A Nonviolence.org Timeline
In 1995 I was editor at an activist publisher struggling to adapt to a rapidly changing book world. Many of the independent bookstores that had always supported us were closing just as printing costs were rising. The need to re-invent activist organizing and publishing for the 1990’s became obvious and I saw the internet as a place to do that. One of the earliest manifestos and introductions to the Nonviolence Web was an essay called The Revolution Will be Online.
I began by approached leading U.S. peace groups with a crazy proposal: if they gave me their material I would put it up on the web for them for free. My goal was to live off of savings until I could raise the operating funds from foundations. “Free typesetting for the movement by the movement” was the rallying cry and I quickly brought a who’s-who of American peace groups over to Nonviolence.org. I knew that there was lots of great peace writing that wasn’t getting the distribution it deserved and with the internet I could get it out faster and more widely than with traditional media. For three years I lived off of savings, very part-time jobs and occasional small grants.
Nonviolence.org developed into a web portal for nonviolence. We would feature the most provocative and timely pieces from the NVWeb member groups on the newly-redesigned homepage, dubbed “Nonviolence Web Upfront.” A online magazine format loosely modeled on Slate and the now-defunct Feed magazine, it also contained original material and links to interesting threads on the integrated discussion board. With these popular features, Nonviolence.org attracted a growing number of regular visitors. The combined visibility for member groups was much greater than anyone could obtain alone and we earned plenty of awards and links. Some media highlights of the era included a New York Times tech profile, a featured guest Op/Ed in USA Today, and an interview on Oliver North’s nationally syndicated radio show.
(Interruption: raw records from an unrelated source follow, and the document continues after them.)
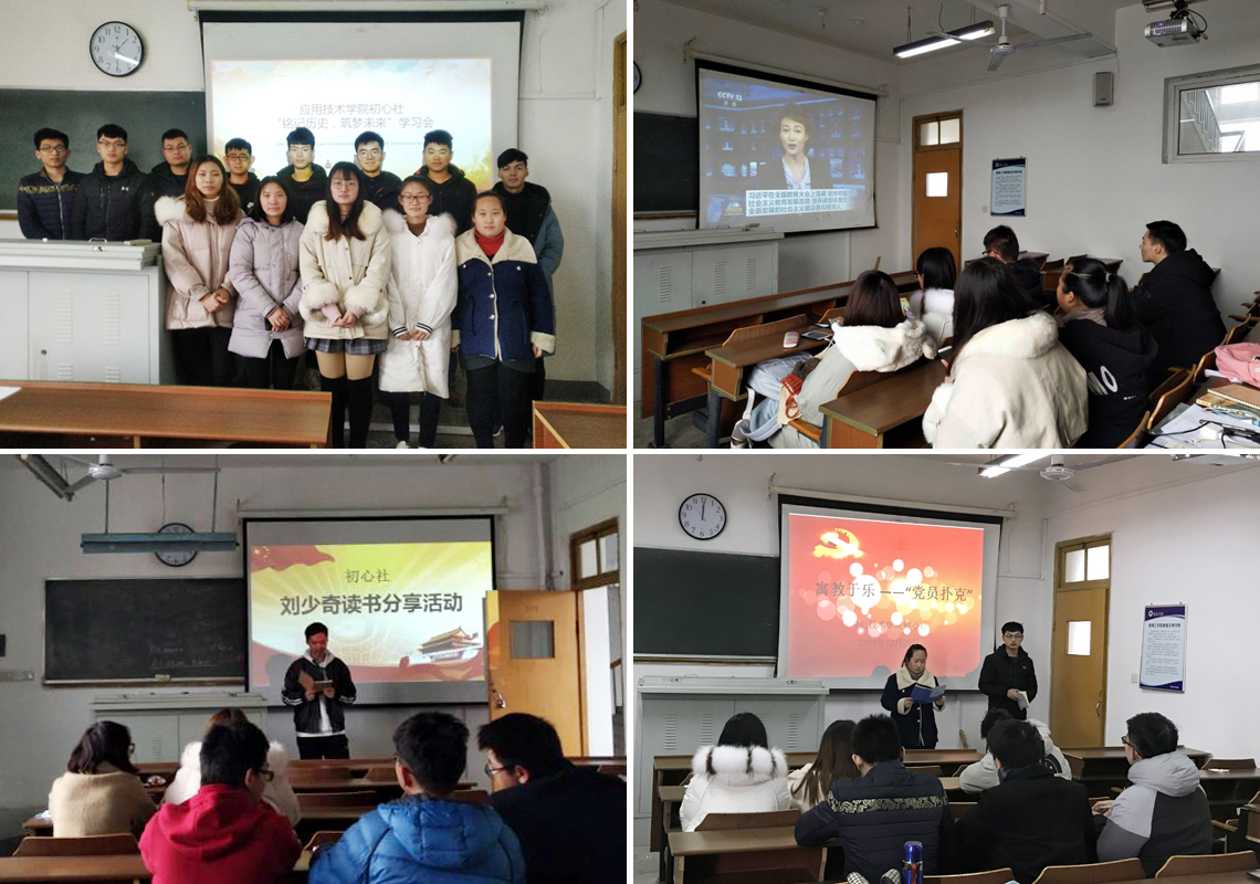自2018年10月底成立以来,初心社先后举办了纪念刘少奇诞辰120周年读书分享、“学习全国教育大会精神,献礼校第四次党代会”学习交流、“党员扑克”趣味理论学习等系列活动。作为学生社团党支部进行党员社团化自我教育管理机制进行有益探索的重要载体,初心社打破传统自上而下的党员教育管理模式,丰富了学生党员“两学一做”常态化制度化形式,增强了开展“不忘初心、牢记使命”主题教育的生动性。同时,也让来自不同学生社团以及每学年新转入的专转本学生党员进一步增强凝聚力。
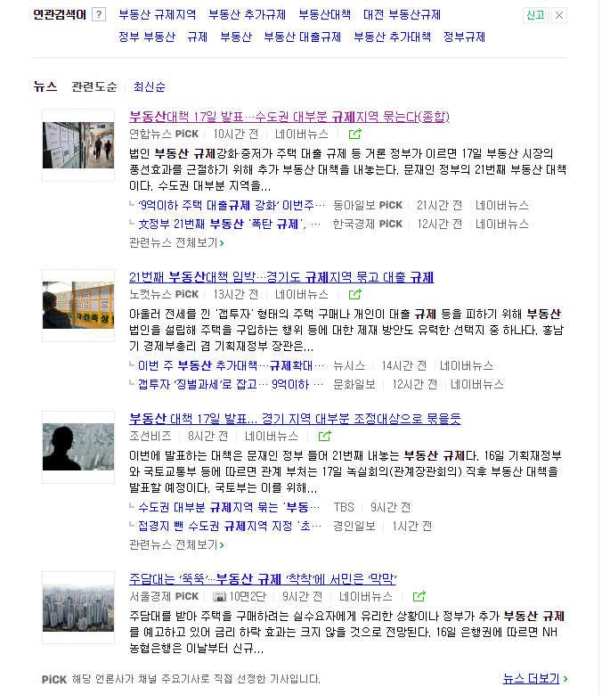 이에 언론도 마치 확정된 내용인 것처럼 다양한 내용들을 언급하며 21번째 부동산대책에 대해서 많은 언급이 있었습니다. 아래는 네이버에 연관검색어와 주요 기사들의 헤드라인입니다.
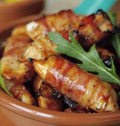 Snijd de speklapjes elk in 6 stukjes en meng ze met wat marinade. Laat het vlees afgedekt een tijdje in de koelkast rusten.
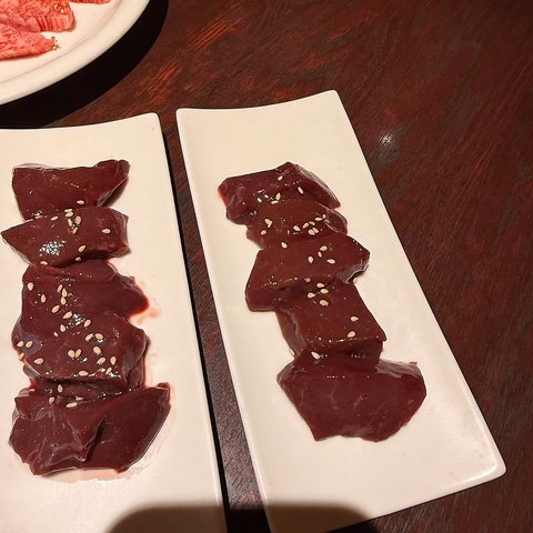牛の肝臓です。弾力性がありますが柔らかい食感で甘味と濃厚な味わいです。
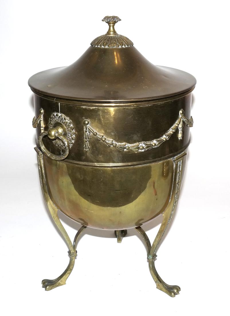 SoldENGLISH EDWARDIAN BRASS COAL BINEnglish Edwardian brass coal bin, early 20th c., domed cover with urn-form finial, basin retaining metal liner, flanked by ring handles at sides, rising on tripodal legs, ending on fanned feet, approxSee Sold Price
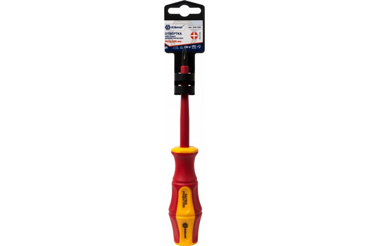 - Отвертка крестовая диэлектрическая КОБАЛЬТ Ultra Grip PH-2 х 100 мм CR-V, двухкомпонентная рукоятка
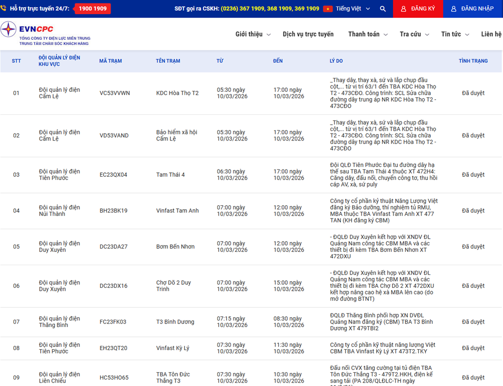 | 4 | Đội quản lý điện Núi Thành | BH23BK19 | Vinfast Tam Anh | 07:00 10/03/2026 | 12:00 10/03/2026 | Công ty cổ phần kỷ thuật Năng Lượng Việt đăng ký Bảo dưỡng, thí nghiệm tủ RMU, MBA thuộc TBA Vinfast Tam Anh XT 477 TAN (KH đăng ký CBM) | Đã duyệt |
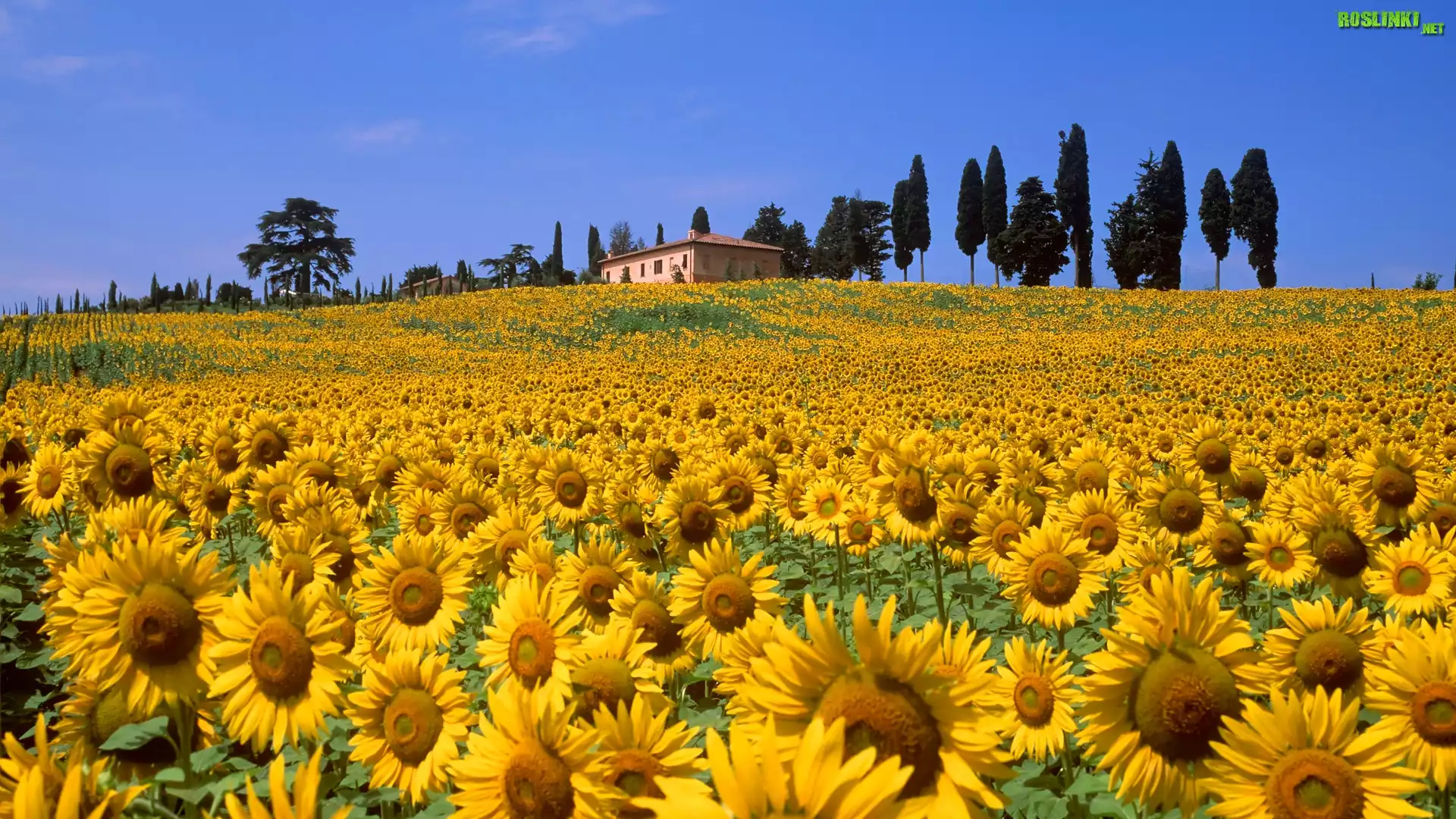 Rośliny: Pole, Słoneczników, Dom, Drzewa
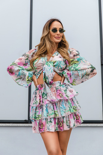 Komplet La Diva spódnico-spodenki bluzka różowy kwiatowy wzór
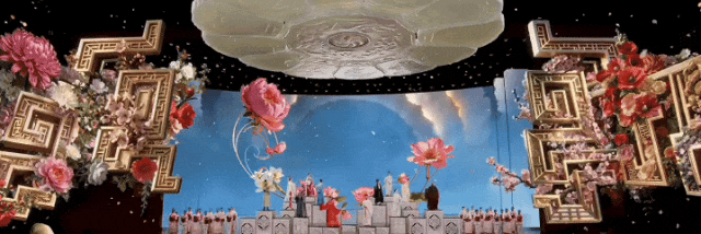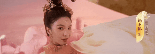 在《贺花神》中,杨玉环(唐诗逸 饰)对应四月芍药,被称为“花中宰相”。李白“云想衣裳花想容,春风拂槛露华浓”的诗句,写尽了她的雍容华贵。
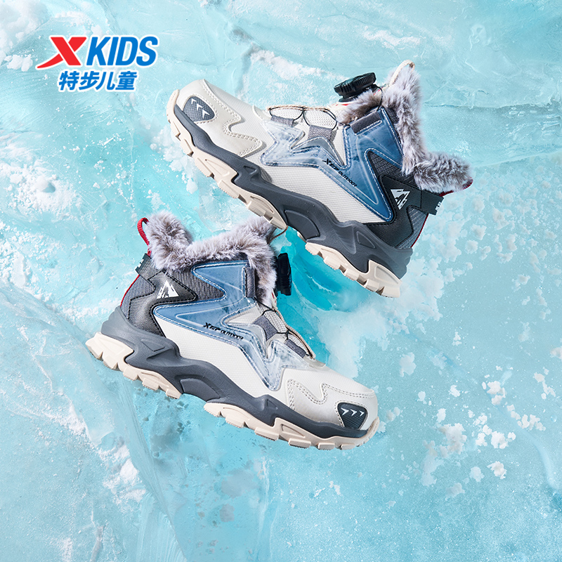 特步童鞋冬季款男童小童旋转扣运动休闲加绒内里防滑耐磨百搭棉鞋
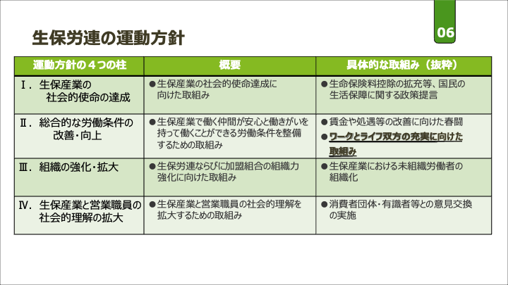 図表5は生保労連の運動方針です。大きく4つの柱で構成しております。その中で私が担当しているのが、上から2つ目の柱「総合的な労働条件の改善向上」です。具体的な取組みのところで、少し分かりやすく記載していますが、賃金とか処遇などの改善に向けた春闘というところと、ワークとライフ双方の充実に向けた取組みというところで、休みの取りやすさや労働時間の縮減、両立支援制度をより使いやすくする等の取組みを担当しております。
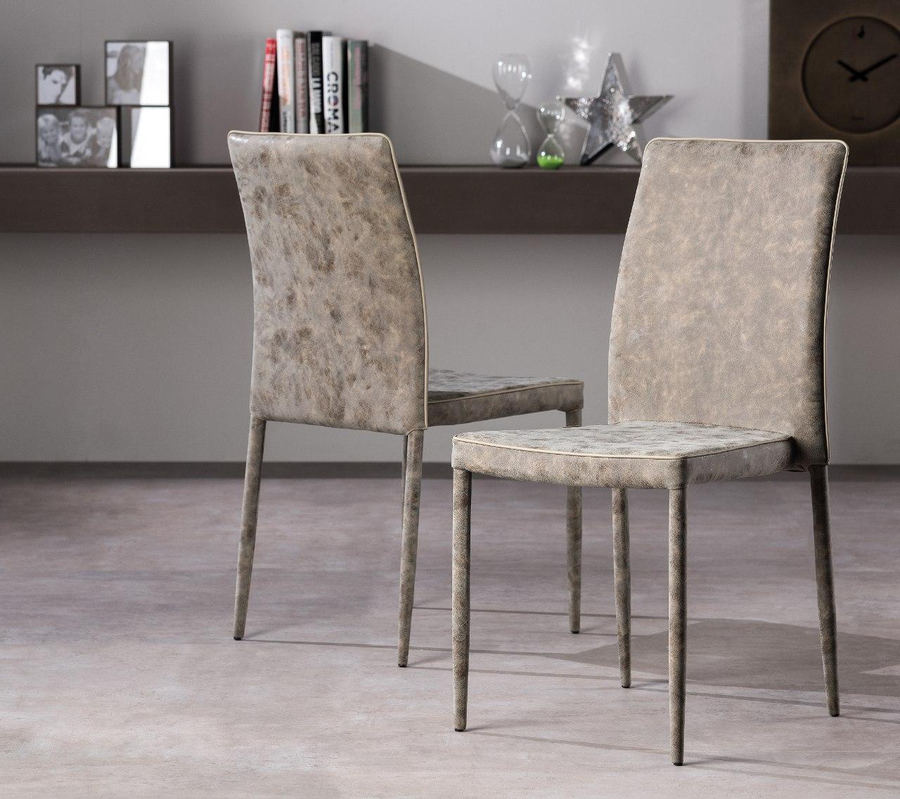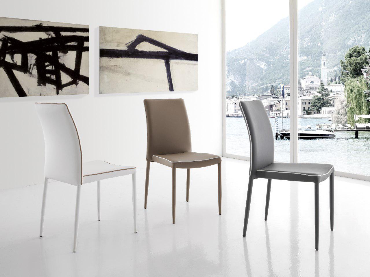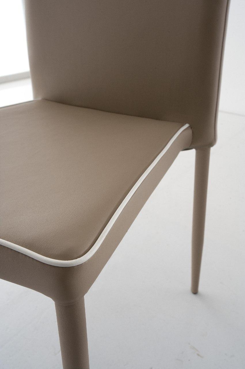 Sedia impilabile con gambi conificati e struttura in metallo, imbottitura in poliuretano espanso, rivestimento in Ecopelle (con bordino in contrasto in Ecopelle bianco), oppure in Econabuk Tortora , in Microfibra Vintage, o in Velluto.
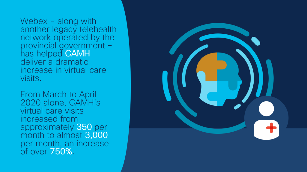 CAMH, headquartered in Toronto, Canada, delivers crucial support to local patients. Since September 2018, a group from Cisco Canada has worked with CAMH to deliver virtual care to patients securely over Webex. The goal was simple: enhance virtual care so that more patients – regardless of location – could access critical mental health services. When the pandemic hit, the foundation was laid, enabling them to quickly maneuver.
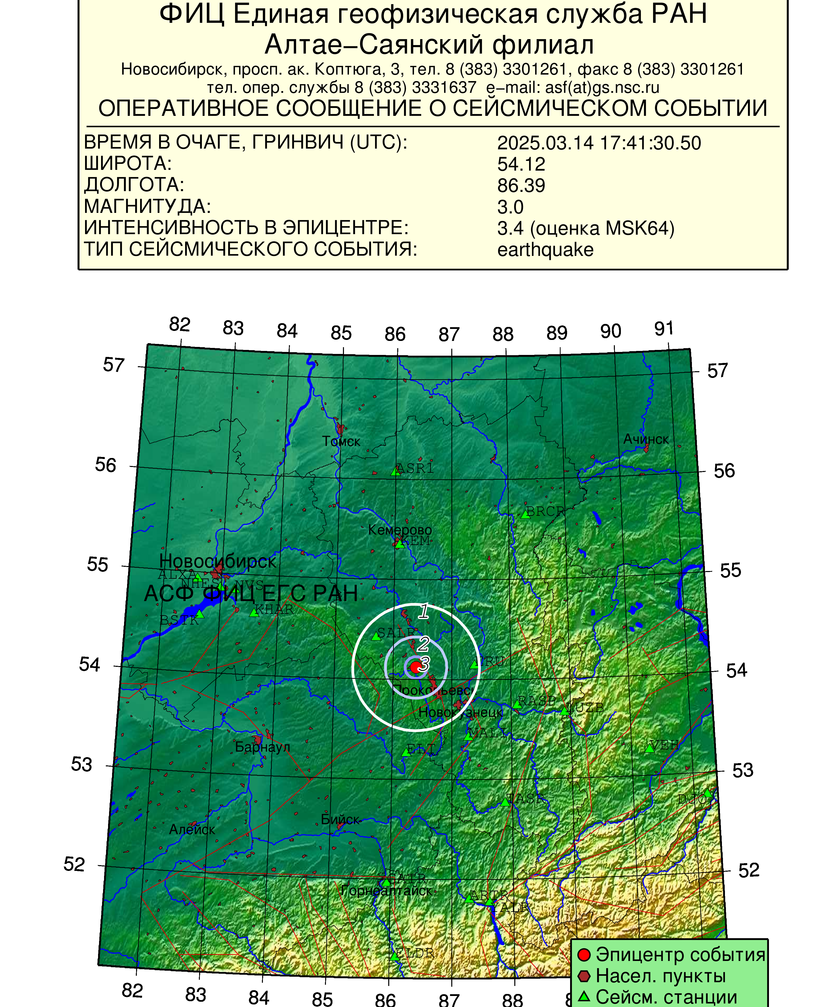 В ночь на 15 марта в Прокопьевском округе сейсмологи зафиксировали землетрясение. Оно произошло в 00:41 по местному времени.
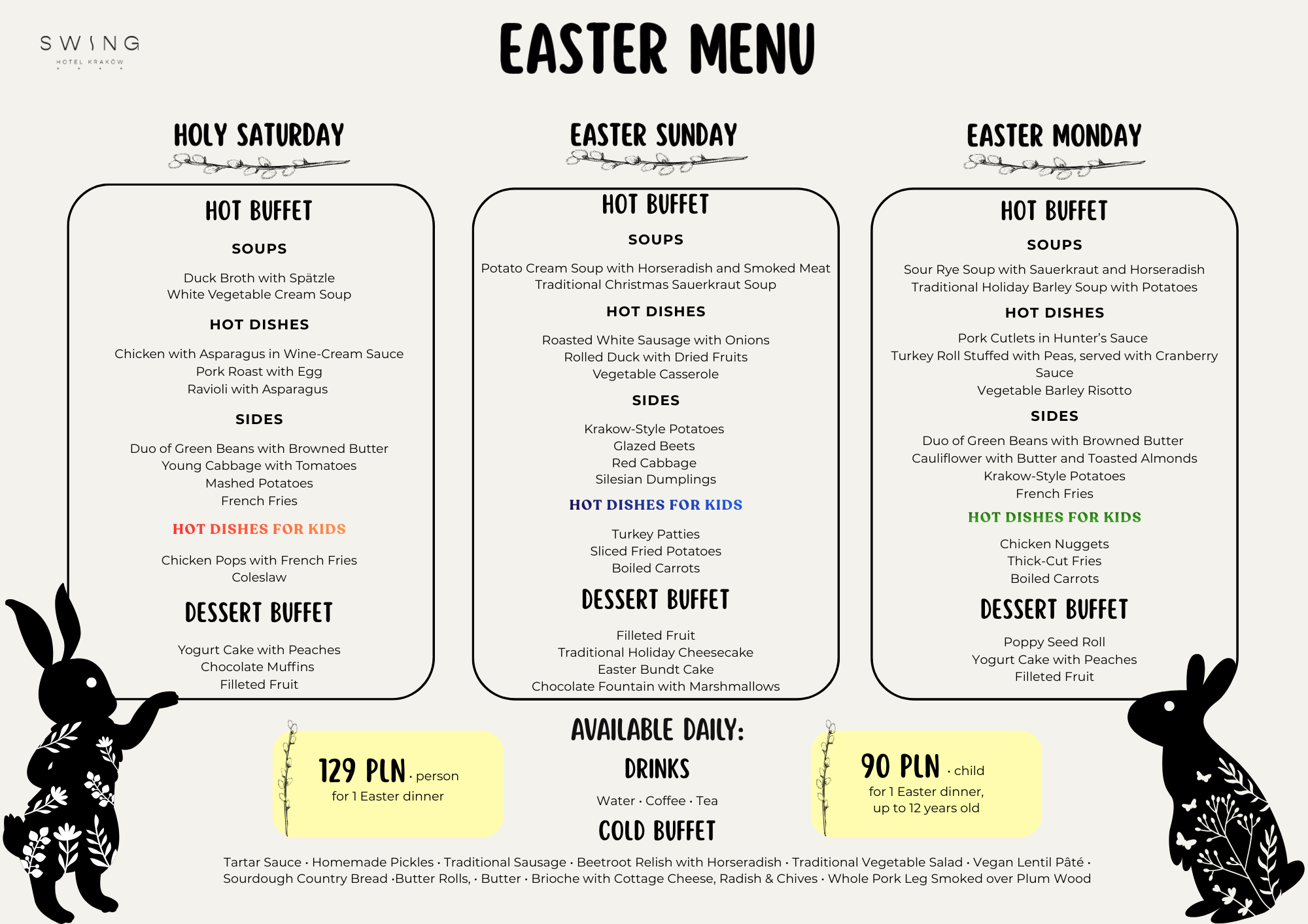 - 90 PLN per child up to 12 years old (for one festive Easter dinner)
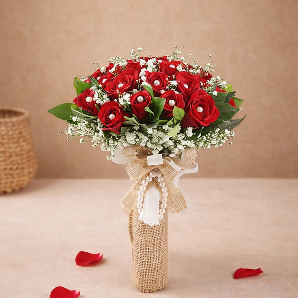 This stunning bouquet features 25 fresh red roses, elegantly highlighted with white pearls and delicate white baby’s breath, creating a perfect harmony of romance and sophistication. Wrapped in natural jute packing and finished with a graceful ribbon, the arrangement offers a rustic yet luxurious appeal. Ideal for anniversaries, Valentine’s Day, proposals, or special celebrations, this handcrafted bouquet expresses deep love and timeless elegance, making every moment truly memorable.

But this model couldn’t last. A big problem was money: there’s were too few philanthropists for this sort of work, and established foundations didn’t even know the right questions to ask in evaluating an internet project. Nonviolence.org was kept afloat by my own dwindling personal savings, and I never did find the sort of money that could pay even poverty wages. I took more and more part-time jobs till they became the full-time ones I have today. At the same time, internet publishing was also changing. With the addition of blogging features and open-source bulletin board software, Nonviolence.org continued to evolve and stay relevant.
Through the early 2000s, Nonviolence.org continued to be one of the most highly-visible and visited peace websites, being highly ranked through the first Gulf War II, the biggest U.S. military action since the web began. This model of independent activist web publishing was still critical. The Nonviolence.org mission of featuring the best writing and analysis continued until 2008 when Martin finally mothballed the Nonviolence.org project and sold the domain.